[[ Input records open ]]

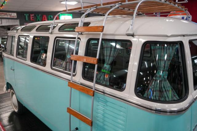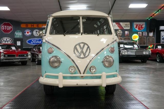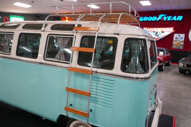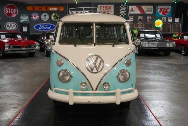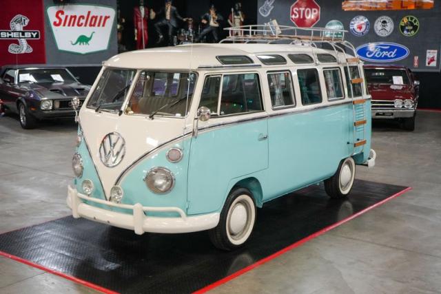 This Brazilian-built 1973 Volkswagen Type 2 Microbus embodies vintage charm with its air-cooled 1.6L flat-4 engine and 4-speed manual transmission, delivering an authentic driving experience. Featuring a 3.88 gear ratio and 4-wheel drum brakes, it maintains classic VW simplicity and reliability. Finished in an iconic Light Blue and White two-tone exterior, the matching Blue and White interior enhances its nostalgic appeal. Rolling on 14\" OEM steel wheels with chrome hubcaps and Pirelli white wall Cinturato tires, it stays true to its era. With OEM intake, Solex carburetor, and mechanical fuel pump, this Microbus is a timeless cruiser for vintage enthusiasts.
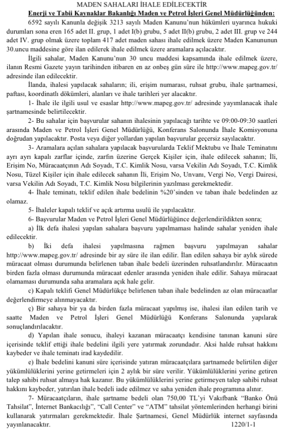 MAPEG, maden sahaları için ihale açtı. Maden ve Petrol İşleri Genel Müdürlüğü (MAPEG)’in ihale duyurusu Resmi Gazete yayınlandı.
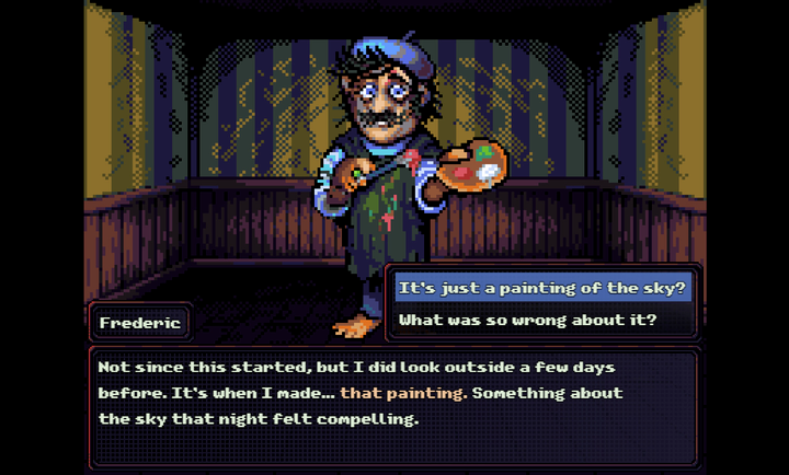 3. 多维度角色互动系统:NPC性格各异,部分角色会逐渐变异或精神错乱。例如,邻居可能突然胸口长出巨眼,而盟友“丽”需通过战斗招募,后续互动可解锁技能。
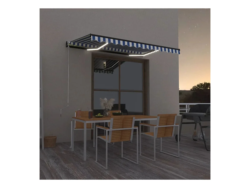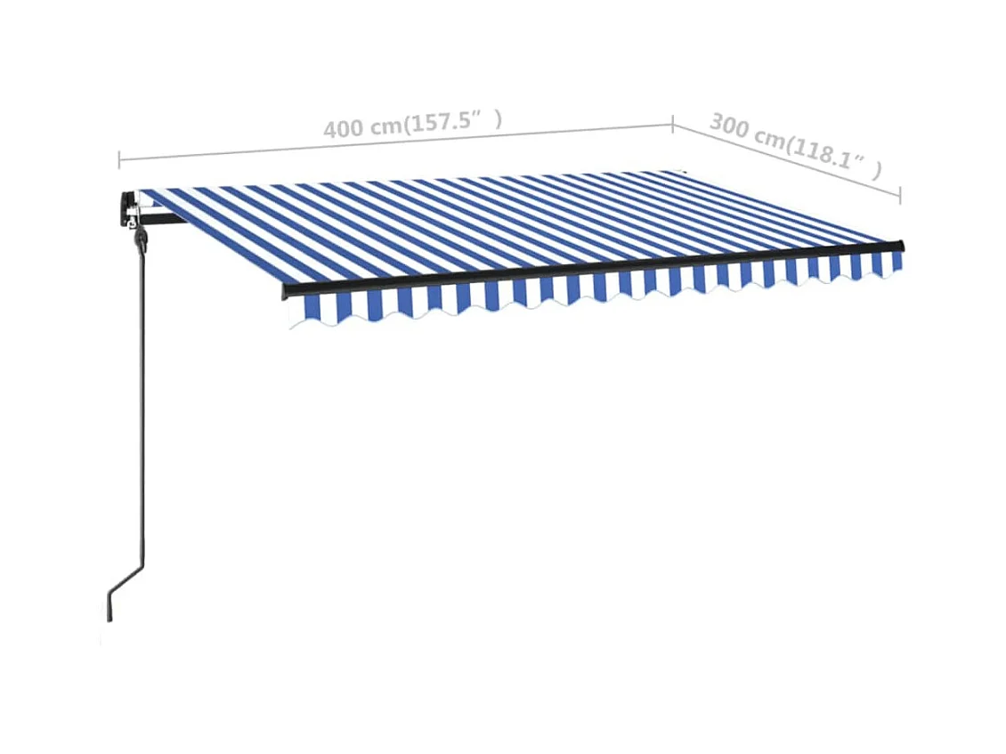 Toldo manual retráctil con LED azul y blanco 400x300 cm
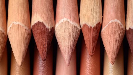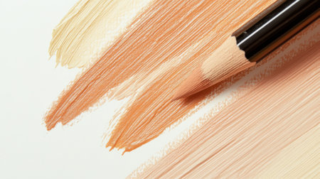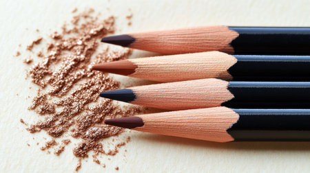 A stunning display of makeup pencils in soft colors arranged beside a shimmering loose powder on a cream background, ideal for beauty and art themes.
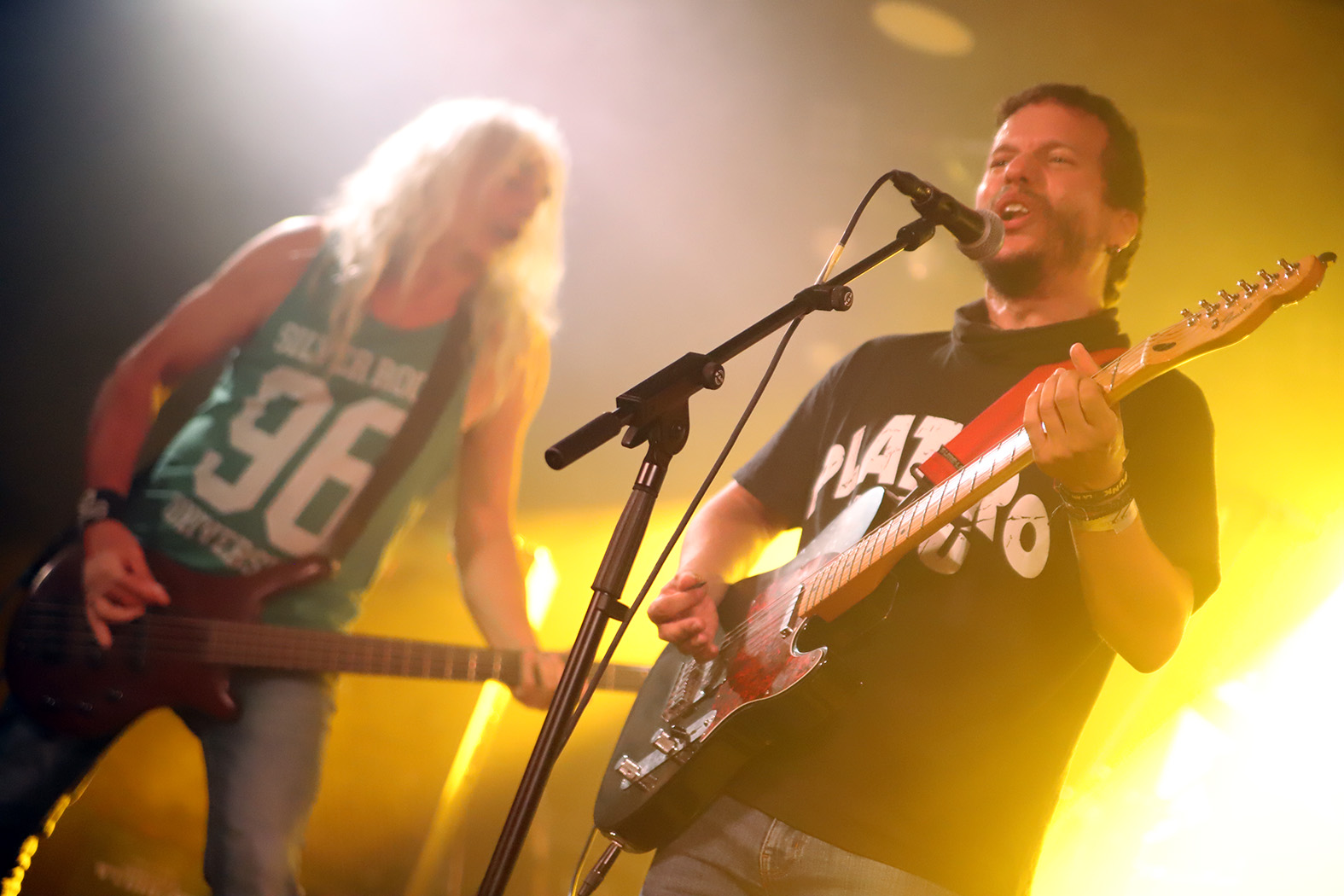 Pero tal y como lo vi, teniendo en cuenta que Juantxu y Jesús son el 50% de Platero y que Fran tiene a favor que el público canta absolutamente todo, a veces al mismo nivel sonoro, el gran papelón considero que lo tiene Txema, que tiene que bregar con la función guitarrera de Iñaki. Y aunque es cierto que ayuda que en el repertorio no se incluyan ‘las más heavies’ de Platero (“Lo Que Os Merecéis”, “Desertor”, “La Maté Porque Era Mía”, “Meando En La Pared”, “Tenemos Que Entrar”…) salió victorioso y ovacionado de retos como los solos concatenados de “Voy A Acabar Borracho” (que fue la siguiente) o la postrera y bluesera “Cantalojas”. Sombrerazo para él.

[[ Input records closed ]]

## Task brief
Take the records from their first line through the line containing "3. 多维度角色互动系统:N" and please return exactly those lines, both ends included, minus the pictures.

## Reply to the task
 This Brazilian-built 1973 Volkswagen Type 2 Microbus embodies vintage charm with its air-cooled 1.6L flat-4 engine and 4-speed manual transmission, delivering an authentic driving experience. Featuring a 3.88 gear ratio and 4-wheel drum brakes, it maintains classic VW simplicity and reliability. Finished in an iconic Light Blue and White two-tone exterior, the matching Blue and White interior enhances its nostalgic appeal. Rolling on 14\" OEM steel wheels with chrome hubcaps and Pirelli white wall Cinturato tires, it stays true to its era. With OEM intake, Solex carburetor, and mechanical fuel pump, this Microbus is a timeless cruiser for vintage enthusiasts.
 MAPEG, maden sahaları için ihale açtı. Maden ve Petrol İşleri Genel Müdürlüğü (MAPEG)’in ihale duyurusu Resmi Gazete yayınlandı.
 3. 多维度角色互动系统:NPC性格各异,部分角色会逐渐变异或精神错乱。例如,邻居可能突然胸口长出巨眼,而盟友“丽”需通过战斗招募,后续互动可解锁技能。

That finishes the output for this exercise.